_WHAT IS NEEDED_
The listing below must be repeated word for word, with its images excluded.

_PROVIDED DATA_
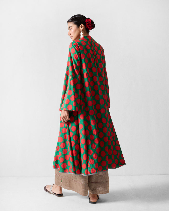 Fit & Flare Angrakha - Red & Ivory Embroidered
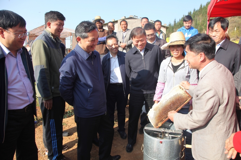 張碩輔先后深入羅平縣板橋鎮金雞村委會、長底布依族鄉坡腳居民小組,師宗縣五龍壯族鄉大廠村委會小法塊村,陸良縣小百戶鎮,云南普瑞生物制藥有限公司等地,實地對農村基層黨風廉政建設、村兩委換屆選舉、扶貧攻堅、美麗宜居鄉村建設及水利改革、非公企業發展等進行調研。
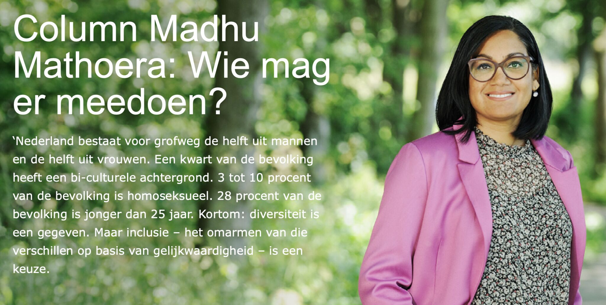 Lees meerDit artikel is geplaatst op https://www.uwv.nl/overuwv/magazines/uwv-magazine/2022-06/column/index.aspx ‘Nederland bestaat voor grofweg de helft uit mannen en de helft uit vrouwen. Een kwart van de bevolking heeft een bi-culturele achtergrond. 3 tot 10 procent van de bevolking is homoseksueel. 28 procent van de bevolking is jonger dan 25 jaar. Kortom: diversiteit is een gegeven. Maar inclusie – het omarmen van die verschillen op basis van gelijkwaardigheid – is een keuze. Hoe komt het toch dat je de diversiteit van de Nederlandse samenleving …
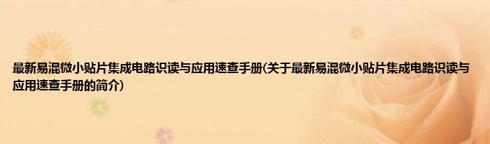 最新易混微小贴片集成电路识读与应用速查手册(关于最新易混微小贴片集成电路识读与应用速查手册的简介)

_FINISHED EXERCISE_
 Fit & Flare Angrakha - Red & Ivory Embroidered
 張碩輔先后深入羅平縣板橋鎮金雞村委會、長底布依族鄉坡腳居民小組,師宗縣五龍壯族鄉大廠村委會小法塊村,陸良縣小百戶鎮,云南普瑞生物制藥有限公司等地,實地對農村基層黨風廉政建設、村兩委換屆選舉、扶貧攻堅、美麗宜居鄉村建設及水利改革、非公企業發展等進行調研。
 Lees meerDit artikel is geplaatst op https://www.uwv.nl/overuwv/magazines/uwv-magazine/2022-06/column/index.aspx ‘Nederland bestaat voor grofweg de helft uit mannen en de helft uit vrouwen. Een kwart van de bevolking heeft een bi-culturele achtergrond. 3 tot 10 procent van de bevolking is homoseksueel. 28 procent van de bevolking is jonger dan 25 jaar. Kortom: diversiteit is een gegeven. Maar inclusie – het omarmen van die verschillen op basis van gelijkwaardigheid – is een keuze. Hoe komt het toch dat je de diversiteit van de Nederlandse samenleving …
 最新易混微小贴片集成电路识读与应用速查手册(关于最新易混微小贴片集成电路识读与应用速查手册的简介)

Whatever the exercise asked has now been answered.